- Rainadevi Chhahara Rural Municipality Location in Nepal
- Coordinates: 27°52′33″N 83°21′55″E﻿ / ﻿27.8758325°N 83.3653428°E
- Country: Nepal
- Province: Lumbini Province
- District: Palpa District

Government
- • Type: local government
- • Chairperson: Rukmangat Bhattarai
- • Vice Chairperson: Yuvraj Thapa
- • CAO: Rajiv Panthi

Area
- • Total: 176 km^{2} (68 sq mi)

Population
- • Total: 26,469
- • Density: 150/km^{2} (390/sq mi)
- Time zone: UTC+5:45 (Nepal Time)
- Website: http://rainadevichhaharamun.gov.np/

= Rainadevi Chhahara Rural Municipality =

Rainadevi Chhahara Rural Municipality (Nepali :रैनादेवी छहरा गाउँपालिका) is a Gaunpalika in Palpa District in Lumbini Province of Nepal.
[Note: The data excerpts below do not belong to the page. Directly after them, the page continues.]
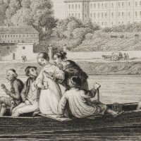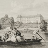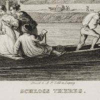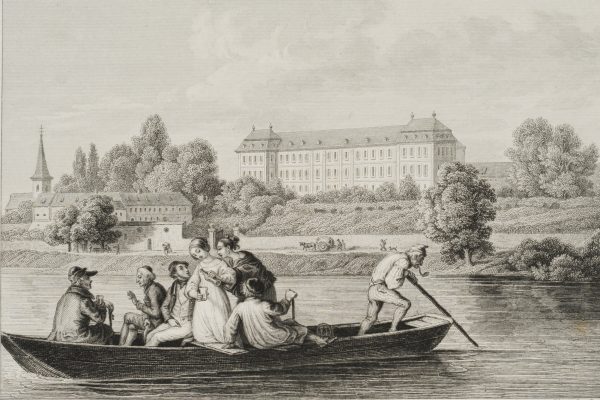 Leopold Beyer (1789 – 1877 ) nach Ludwig Richter (1803 Dresden – 1884 ebd.), Bootspartie auf dem Main vor Schloss Theres, um 1850, Stahlstich
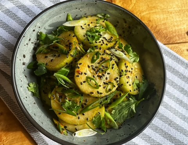 - Wash and peel cucumbers. Slice 1/8 in thick. Whisk oil with vinegar, red pepper paste, salt, sugar, and sesame seeds . Toss with cucumbers, scallions and cilantro.Rest for 10 minutes in refrigerator, then serve.
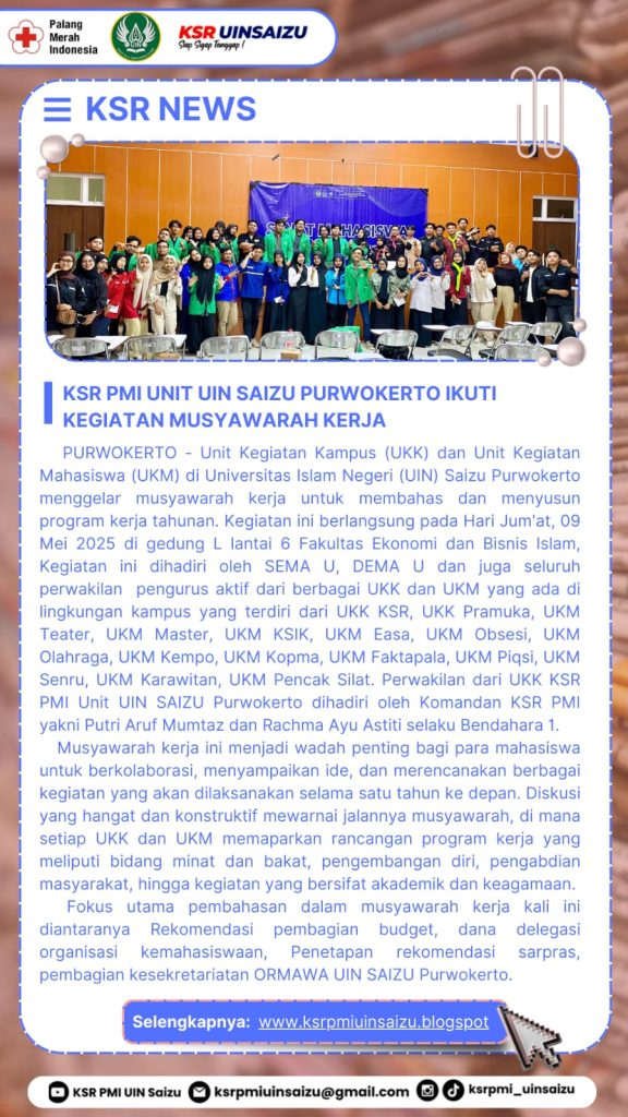 PURWOKERTO – Unit Kegiatan Kampus (UKK) dan Unit Kegiatan Mahasiswa (UKM) di Universitas Islam Negeri (UIN) Saizu Purwokerto menggelar musyawarah kerja untuk membahas dan menyusun program kerja tahunan. Kegiatan ini berlangsung pada Hari Jum’at, 09 Mei 2025 di gedung L lantai 6 Fakultas Ekonomi dan Bisnis Islam, Kegiatan ini dihadiri oleh SEMA U, DEMA U dan juga seluruh perwakilan pengurus aktif dari berbagai UKK dan UKM yang ada di lingkungan kampus yang terdiri dari UKK KSR, UKK Pramuka, UKM Teater, UKM Master, UKM KSIK, UKM Easa, UKM Obsesi, UKM Olahraga, UKM Kempo, UKM Kopma, UKM Faktapala, UKM Piqsi, UKM Senru, UKM Karawitan, UKM Pencak Silat. Perwakilan dari UKK KSR PMI Unit UIN SAIZU Purwokerto dihadiri oleh Komandan KSR PMI Unit UIN SAIZU yakni Putri Aruf Mumtaz dan Rachma Ayu Astiti selaku Bendahara 1.

On 12 March 2017, the government of Nepal implemented a new local administrative structure, with the implementation of the new local administrative structure, VDCs have been replaced with municipal and Village Councils. Rainadevi Chhahara is one of these 753 local units.The previous Siddeshwor, Somadi, Bhuwanpokhari, Chhahara, Mujhung, Juthapauwa, Baldengadhi and Satyawati VDCs were merged to form Rainadevi Chhahara Rural Municipality.